The first sets of obligations are imposed on internet service providers (ISPs). The new regime establishes a procedure under which owners of music, videos and other content can send an infringement report to ISPs if they believe that a high number of the ISP's customers (or "subscribers" as they are called in the Act) are downloading content unlawfully. ISPs must inform the relevant subscriber that they have received an infringement report. They must also send copyright owners, on request, anonymised lists of subscribers to whom a copyright infringement report has been sent.
It is hoped that these warning notices will significantly reduce the level of illegal file sharing. However, if it does not, Ofcom has the power to bring forward "technical obligations". ISPs could be required to take more severe action against subscribers, including limiting internet speed or suspending internet services.
Before the publication of the Code, the question for those in the leisure industry has been whether they will be treated as an ISP for the purposes of the Act when providing Wi-Fi services (free or paid). The draft Code provides some clarity on this issue. Ofcom suggests that where a Wi-Fi network is provided in conjunction with other goods or services, such as a coffee shop or a hotel, its presumption is that the provider is an ISP. However, only ISPs with more than 400,000 subscribers are proposed to be caught by the new requirements, ruling out all but the seven largest ISPs in the UK.
This is good news for leisure outlets, but it leaves two remaining concerns.

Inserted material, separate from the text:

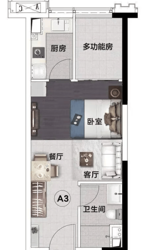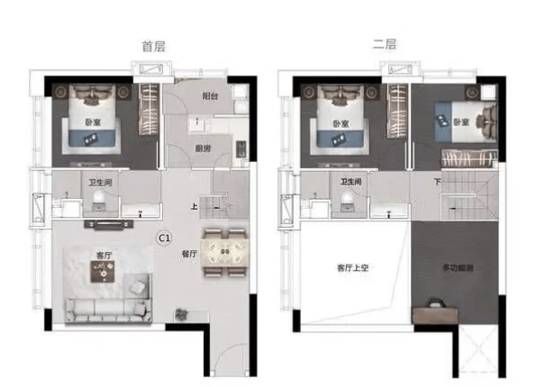 百变loft产品 | 49.72㎡一室二厅一卫:挑空客厅设计,赋予空间更大的灵活性和舒适感。

First, the criteria may change. The Code is only in draft form and is currently open for consultation. Before publication of the final Code, the definition of ISPs may be widened to include leisure outlets with a smaller number of customers. Also, the draft Code specifically envisages that the criteria will be kept under review and could be widened even after publication of the final Code if this is necessary to address illegal file sharing. This would be a significant concern, as outlets have little, if any, control over what users are doing with Wi-Fi and they could find themselves having their internet connection restricted or terminated without having been at fault themselves.
Secondly, it is possible that an outlet may be treated as a subscriber, rather than an ISP, so that for the purposes of the Act, the actions of its customers in downloading infringing content are treated as the actions of the outlet. This concern is not new and is a risk to anyone providing Wi-Fi services to the public.
Any leisure operator wanting to submit a response to Ofcom's consultation must do so by 30 July 2010. TLT is in the process of reviewing the Code with clients and can assist with this. The new Act and proposed Code are also a reminder for providers of Wi-Fi services to have in place effective terms and conditions with its customers using Wi-Fi services managing the copyright infringement risks.
This publication is intended for general guidance and represents our understanding of the relevant law and practice as at June 2010. Specific advice should be sought for specific cases; we cannot be held responsible for any action (or decision not to take action) made in reliance upon the content of this publication.